GIVEN INFORMATION below:

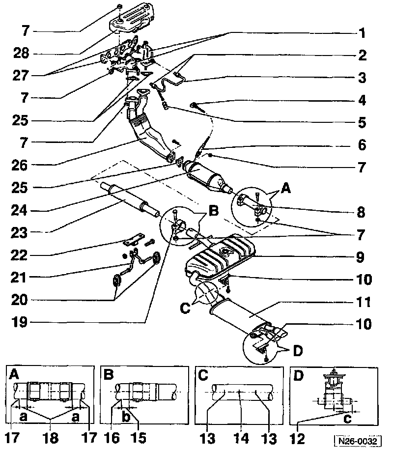 - In production center and rear silencers are one unit. For repair, center and rear silencers are supplied individually, with a double clamp for connection.
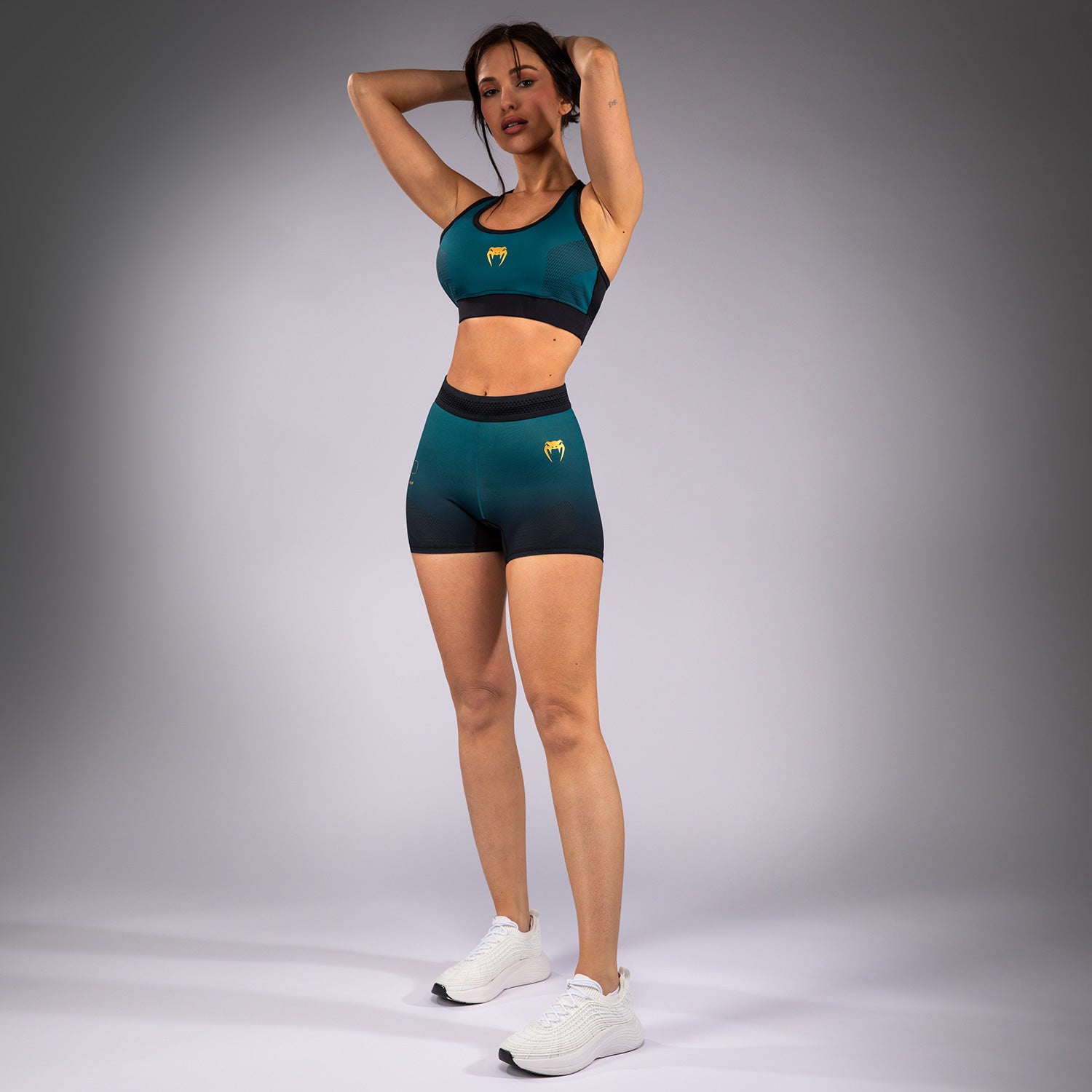 Este favorecedor pantalón corto de entrenamiento para mujer ha sido diseñado con un sutil efecto ombre acentuado por dinámicas líneas de color y toques dorados.
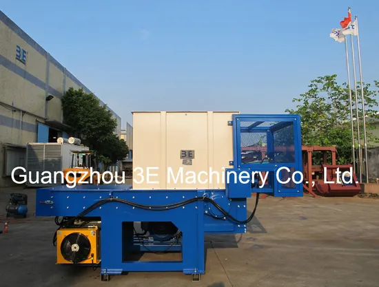 3E MACHINERY's (WTB4080/ WTB40100/ WTB40120/ WTB40150) Forced feeding single shaft shredder is a widely used type of recycling machine. It's an ideal machine widely used in plastics, paper, wood, fiber, rubber, organic waste and non metallic materials. It consists of a single solid shaft with square blades bolted into it. This shaft rotates at about 74-83 RPM, depending on the model, and these blades pass through a bed knife on the base of the cutting chamber. A hydraulic ram continually pushes the material against the shaft of the shredder for continuous cutting. It is almost always used with a screen, which retains the material in the cutting chamber to reduce the material even further. And the standard cut on a single shaft shredder is 25-40mm.
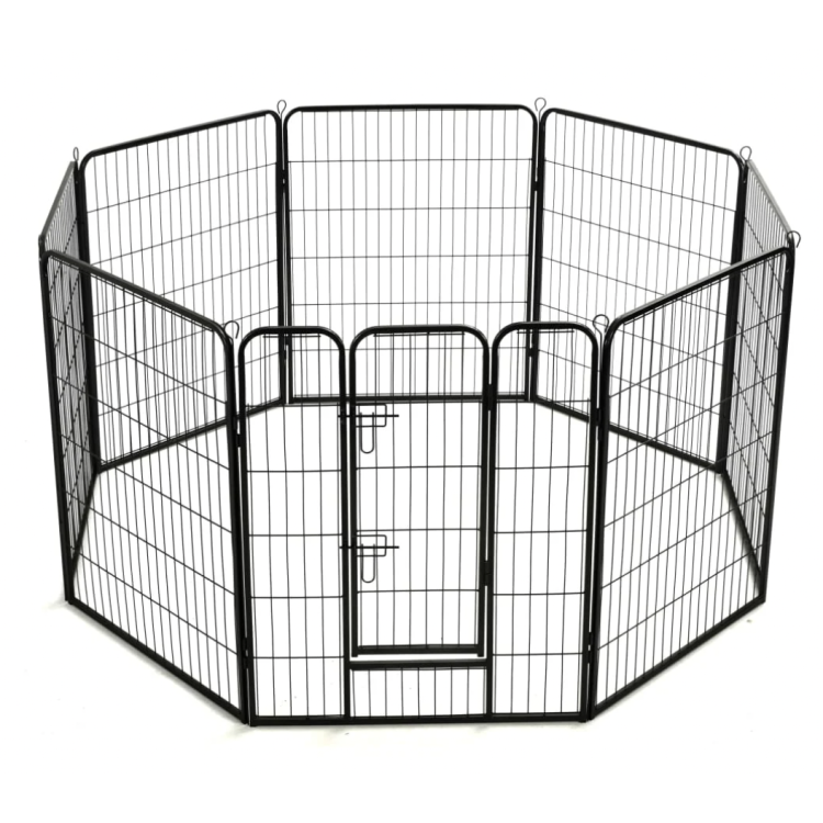 Visokokvalitetni metalni ograđeni prostor za pse i druge životinje . Ima širok raspon upotrebe u zatvorenom i na otvorenom prostoru. Može se oblikovati po želji. Ako kupujete paket više puta, možete stvoriti zaista veliki ograđeni prostor. Elementi se jednostavno međusobno spajaju šipkom odozgo kroz spojeve. U vanjskom prostoru, ove šipke se također mogu zabiti u zemlju, a ograđeni prostor se može usidriti i učvrstiti u zemlji.
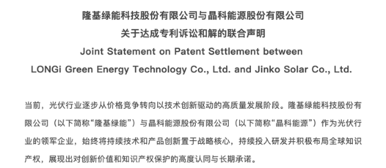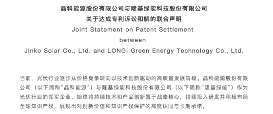 聲明以中英雙語(yǔ)呈現(xiàn),稱隆基綠能與晶科能源聯(lián)合宣布,就雙方及雙方關(guān)聯(lián)公司在全球范圍內(nèi)正在進(jìn)行的相關(guān)專利主張和法律事項(xiàng),達(dá)成和解協(xié)議。

End of GIVEN INFORMATION.

■ **ASSIGNMENT**:
Return only the lines from the start of the data through the line that contains "Este favorecedor pantalón", please, copying them exactly and omitting all pictures.

■ **OUTPUT OF THE TASK**:
 - In production center and rear silencers are one unit. For repair, center and rear silencers are supplied individually, with a double clamp for connection.
 Este favorecedor pantalón corto de entrenamiento para mujer ha sido diseñado con un sutil efecto ombre acentuado por dinámicas líneas de color y toques dorados.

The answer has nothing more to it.